A Better Tomorrow (1986) / John Woo |
Both Le Samourai (Melville, 1967) and A Better Tomorrow (Woo, 1986) begin with the image of a man (Delon and Lung Ti respectively) lying on his bed, his head firmly entrenched in the recess of his pillow, clearly bothered by a premonition of something terrible and overall, I presume, sweaty. Ofcourse, both movies are at some level, about a man’s ability (or an inability) to stick to the unspoken word, the Gentleman’s promise, or the Jewish businessman’s handshake – once a deal is done, it is done. But while Le Samourai’s idea of morality is transgressed in a single moment of implosive betrayal (gunshot, approaching train, grunt in an abrupt close-up); all of A Better Tomorrow’s transformation happens during a three-year long prison term. That is very interesting, because Woo uses this reasonably long ridge of time to appropriate the strength of purely human qualities: brotherly love, male honor, casual bromance and generally hokey lack of scruples - the film dictates that what remains unchanged over the duration is worth cheering for, and whatever changes, is an indication of absolute villainy or at the least, deserves our pity.

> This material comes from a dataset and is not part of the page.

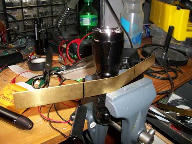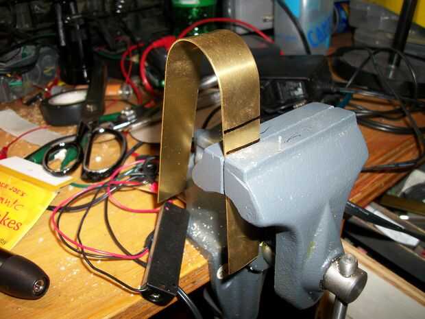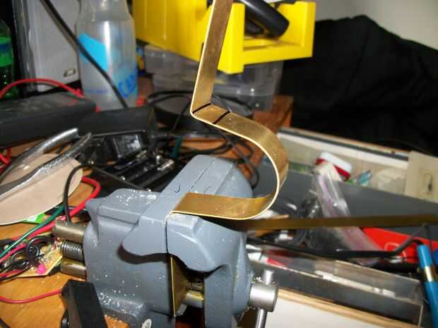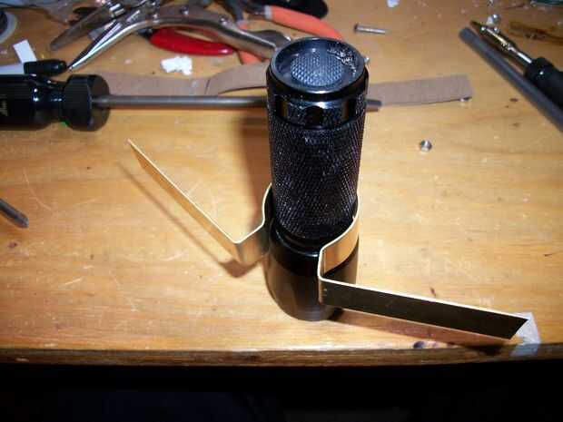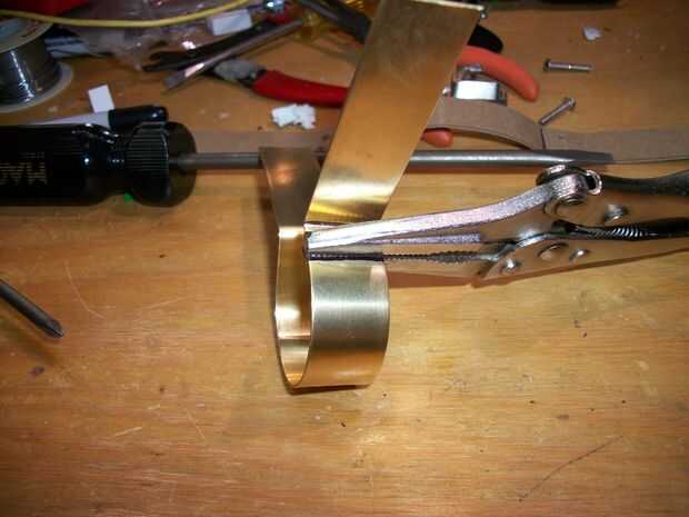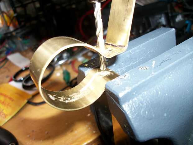 Bien, fije esa linterna en la prensa (ligeramente) y empezar a doblar la tira de cobre amarillo alrededor de él. Espero que no utilizan una pieza que era demasiado gruesa, ya que esto haría parte de un real dolor en el trasero. Doblar todo aproximadamente a las dimensiones que usted necesita, hacer las curvas que va a crear las "alas del montaje" y los pequeños nichos donde iremos y luego perforar los agujeros de los tornillos de apriete. Mire a través de las descripciones de imagen para consejos para taladrar los agujeros. Es poco práctico y mucho tiempo para intentar averiguar antes dónde perforar y hacer curvas, por lo que esto va a ser un proceso algo impreciso. Si eres muy quisquillosos, puede tratar de hacer todo esto primero en sketchup o algún otro programa de CAD. Pero si vas a pasar por todo ese problema, probablemente ya tiene una impresora 3D y debe encontrar la manera uso para hacer una pieza de plástico que hace la misma cosa.

Therefore, the two protagonists (Mark : Chow Yun-Fat, Tse-Ho : Lung Ti), counterfeiters, loan shark agents and casual in-tandem dressers, meet after Ho’s prison-term (of which we see very little) and are still the best of friends, Yun-fat still wants to shoot people up and return to the good ol’ life and Ho’s brother Kit’s still with the same girl – so while the film clearly proposes reform (or even revolution), the qualities it wants to endear us to are mostly the ones that remain unaltered in the before and after of the prison term. On the other hand, their crime-protégé from before the sentence becomes an evil crime boss, Ho’s policeman brother (Leslie Cheung) becomes a stone-cold, paranoid, loveless man (he also grows a thin moustache and a frown) whose relationship with his brother sours and in an incredible move of self-pity, Yun-Fat grows a limp – anything that changes over the three-year period must therefore be condemned or despised. Needless to say, the film’s final scene will have all order restored and the entire universe reset to point zero – that is almost ironical for a film titled A Better Tomorrow, because mostly, it looks at the ‘yesterday’ as its ideal – but atleast, unlike Le Samourai, the agent of bleak morality is still alive at the end of the film and thus, morality may still be salvaged eventually.